--- Task details ---
In the listing below, find the line with "0,85 dla alkoholu." and copy every line from there up to and including the line with "Thick woven wool", exactly and without pictures.

--- Provided material ---
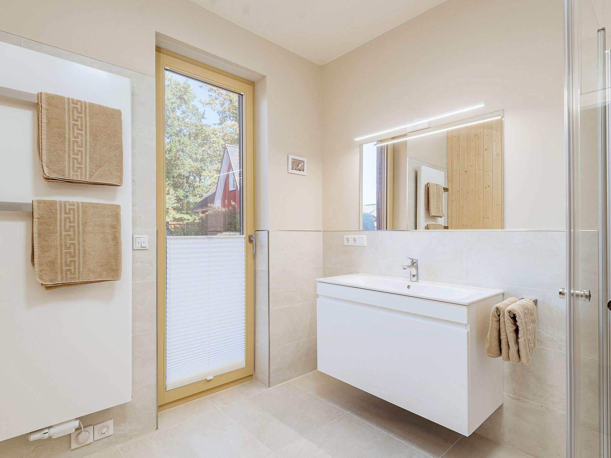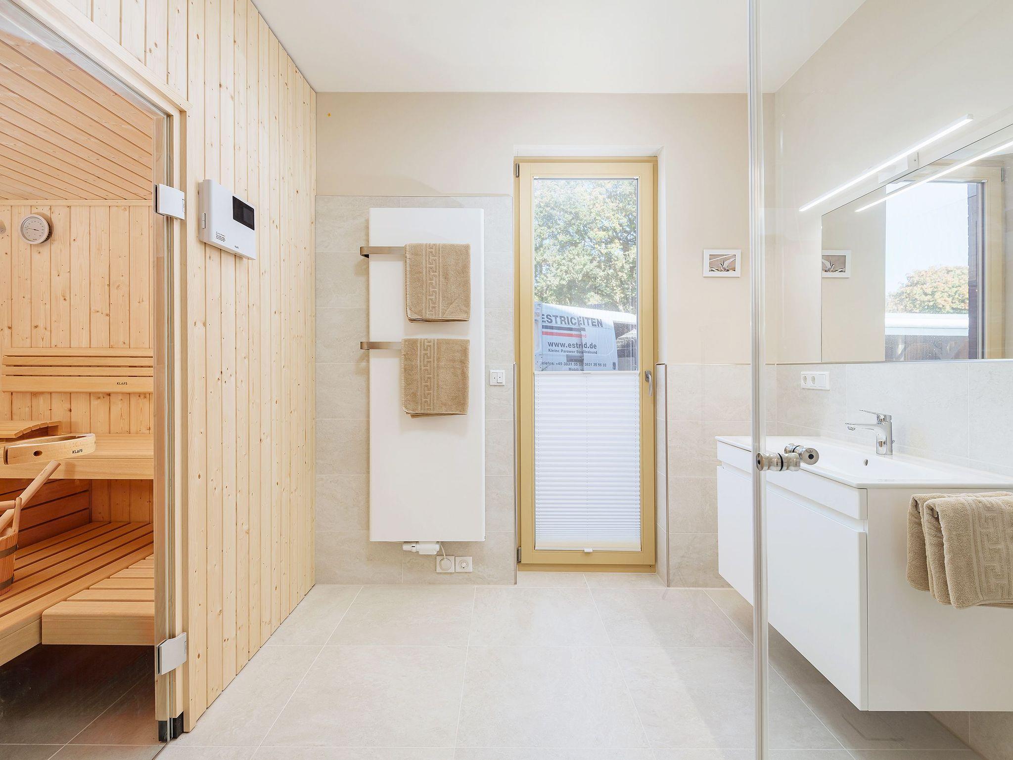 • Tageslichtbad mit elektr. Fußbodenheizung, ebenerdiger Dusche, großer Waschtisch, Handtuchheizkörper und Sauna
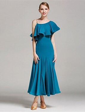 элегантное бальное платье на одно плечо с оборкой на рукаве и струящейся юбкой для танцевальных выступлений и репетиций
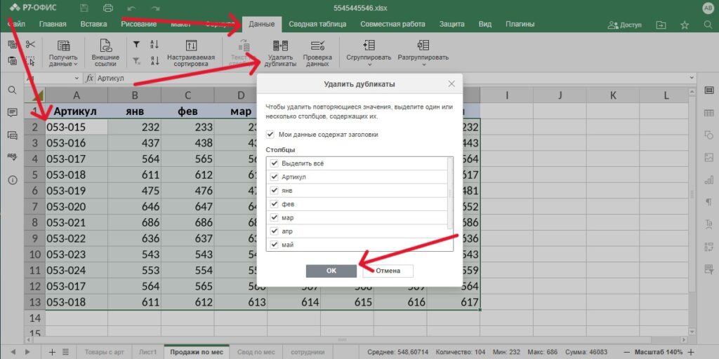 В таблице «Р7-Офис» можно автоматически удалить дубликаты. Эта опция полезна при работе с большими таблицами.
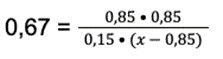 — końcową liczbę moli: 0,85 dla estru i alkoholu, 0,15 dla kwasu i x – 0,85 dla alkoholu.
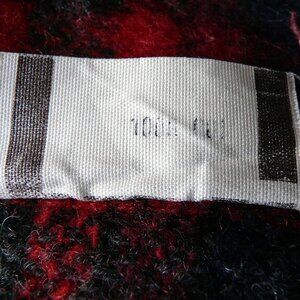 Thick woven wool including various shades of red, navy blue, grey, and black. Features patch pockets in the front on both sides, cuffs at sleeves sewn flat, a belt, and fancy belt loops. There are no obvious signs of wear.
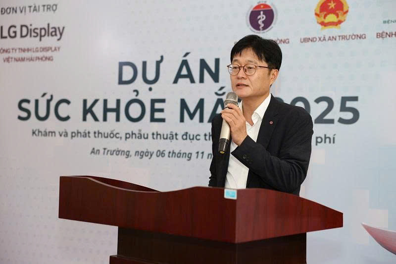 Phát biểu tại buổi lễ, ông Lee Doo Gwan - Phó Tổng Giám đốc Công ty TNHH LG Display Việt Nam Hải Phòng chia sẻ: “Tôi cảm thấy vô cùng xúc động và tự hào khi chương trình Sức khỏe mắt tiếp tục được lan tỏa tại xã An Trường. Bên cạnh phát triển sản xuất, LG Display luôn chú trọng thực hiện các hoạt động trách nhiệm xã hội.
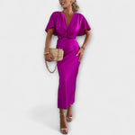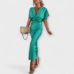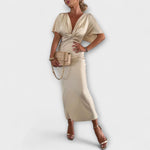 Sable - Kiinteä satiininimellinen V-pääntie ristiköysi kapeaistuva maximekko
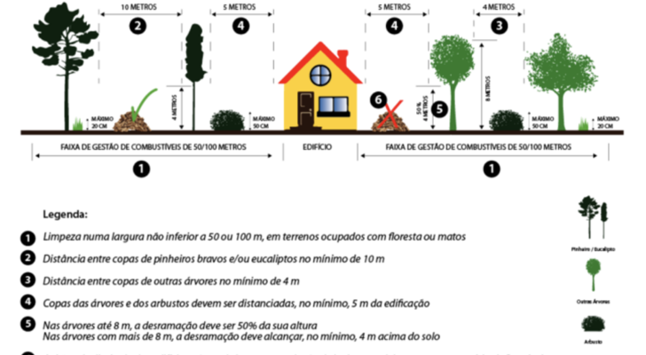 3. São ainda obrigados a garantir que as copas das árvores e dos arbustos se mantenham distanciadas no mínimo 5 metros das edificações, evitando-se ainda a sua projeção sobre a cobertura dos edifícios, conforme previsto no ponto III, n.º 1 do Anexo ao diploma mencionado;
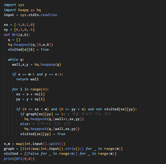 ★ 벽을 부숴야 하는 경우, 최소로 부수면서 목표지점에 도달해야 하기 때 힙 큐 안에 벽을 깬 횟수를 기준으로 최소정렬을 해줍니다 ! 그럴 경우 벽을 깬 경우는, wall 변수에 1씩 추가해주고, 깨지 않은 경우는 wall을 그대로 큐에 넣어줍니다. 이렇게 되면, 벽을 깬 횟수가 작은 좌표부터 상하좌우 탐색을 하게 되고 목표지점까지 도달할 수 있는지 확인하게 됩니다 :)

--- Solution ---
 — końcową liczbę moli: 0,85 dla estru i alkoholu, 0,15 dla kwasu i x – 0,85 dla alkoholu.
 Thick woven wool including various shades of red, navy blue, grey, and black. Features patch pockets in the front on both sides, cuffs at sleeves sewn flat, a belt, and fancy belt loops. There are no obvious signs of wear.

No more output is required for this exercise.